Winter 2005 Commentary: Seeds of hope and permanence

Recently, eight participants in the GEM Permaculture Design Certificate Course were awarded certificates by Permaculture Research Institute Executive Director Geoff Lawton. The two-week course was a life-transforming experience that energized the newly certified permaculturalists to help build a sustainable future. A participant from the private sector said:

“Thank you for your recommendation on taking the Permaculture Design course.  It was the best spent money on education that I have made in over 20 years and may have been the best educational experience I have had including college!  Excellent instructors.”

Permaculture or ‘permanence in culture’ may be characterized as a landscape design approach to sustain integrated, healthy ecosystems and societies. Australian Bill Mollison, founder of the Permaculture Movement and Geoff Lawton’s mentor, simplifies permaculture further in the Golden Rule of Design:

“Keep it simple, keep it varied, and never forget that the problem is the solution.”
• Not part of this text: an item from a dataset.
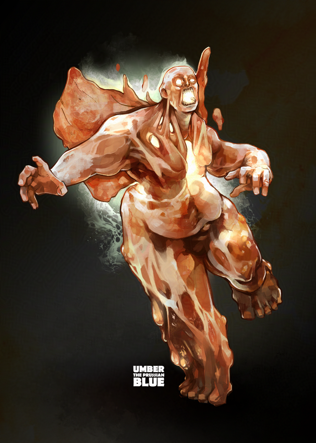 Illustration shows a nude zombie-like creature covered in stricture-type scars, blisters, and burned skin. It's back is flayed open like wings, and the center of its body is a cavernous void of bright, white light.

GEM will be offering another Permaculture Design Certificate Course over six consecutive weeks in spring 2006. In addition to covering design principles and processes in the Permaculture Design Handbook by Bill Mollison, field-based activities envisioned are composting demonstrations, vermicomposting, small garden system installation, rainwater roof catchment system installation, and field trips to a permaculture-designed organic farm and renewable energy and energy efficient home.

Over the Winterim break between fall and spring semesters, a GEM expedition to Oaxaca, Mexico will provide opportunity to implement permaculture methods and techniques. Working alongside members of the indigenous communities of Capulalpan and Santiago Comaltepec in the Sierra Norte mountainous region, GEM will help install a nursery greenhouse, square-foot gardens with local compost, an ecotourism kiosk with nature interpretative information, trail heads, and initial tree plantings for forest and watershed restoration of a former gold mining operation. These actions represent community needs expressed as priorities by the local citizens.
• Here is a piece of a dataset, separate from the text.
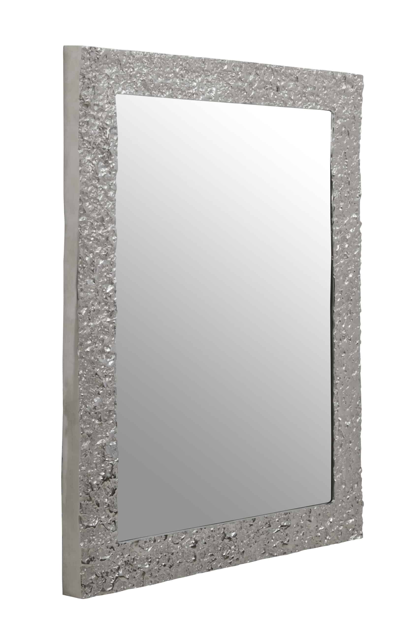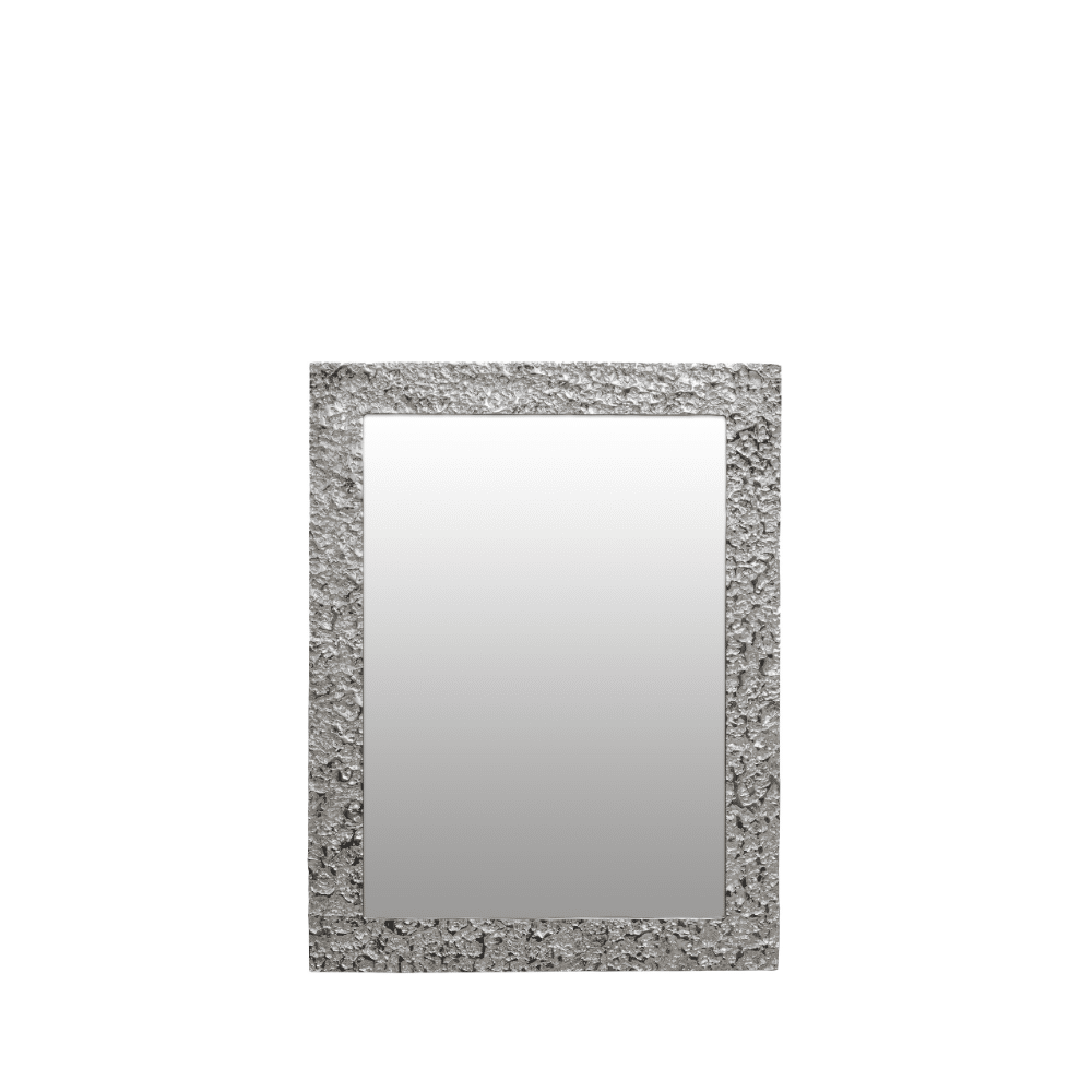 The Metallic Silver Border Mirror features a bold silver metal frame, combining function with chic, modern style.

Concurrently, four GEM Student Ambassadors led by GEM graduate student Rhea Trotman will travel to Kenya to work on the GEM Small Garden Systems project in impoverished communities impacted by HIV/AIDS. The students will work with a Kenyan, GEM in-country coordinator Nicholas Syano, to install square-foot garden plots for training local community participants to grow organic vegetables to augment nutrition for more effective anti-retroviral treatment and prevention of HIV/AIDS.

GEM Student Leadership Interns and others will continue to work with Native American partners on reservation lands in Wisconsin in agroforestry, organic farming, watershed management, ecosystem services valuation, and other sustainable development initiatives identified by the local community members.

To showcase success and relevance of sustainable development efforts locally and internationally by universities, governmental agencies, private business and industry, non-governmental organizations, local citizen groups, and others, GEM is planning and hosting the 4th International Conference on Environmental Management for Sustainable Universities (EMSU) in Stevens Point, June 26-30, 2006. The conference theme is:

‘Transforming ideas into action: building sustainable communities beyond university campuses.’

GEM staff, students and partners are making significant progress and practical impacts of success on the ground to help empower local communities move towards sustainable livelihoods and landscapes. You are invited to join us in this quest through your participation in the GEM Permaculture Design Certificate Course, the EMSU conference, or in other ways — you are welcome. Together, we are sowing and nurturing seeds of hope and permanence.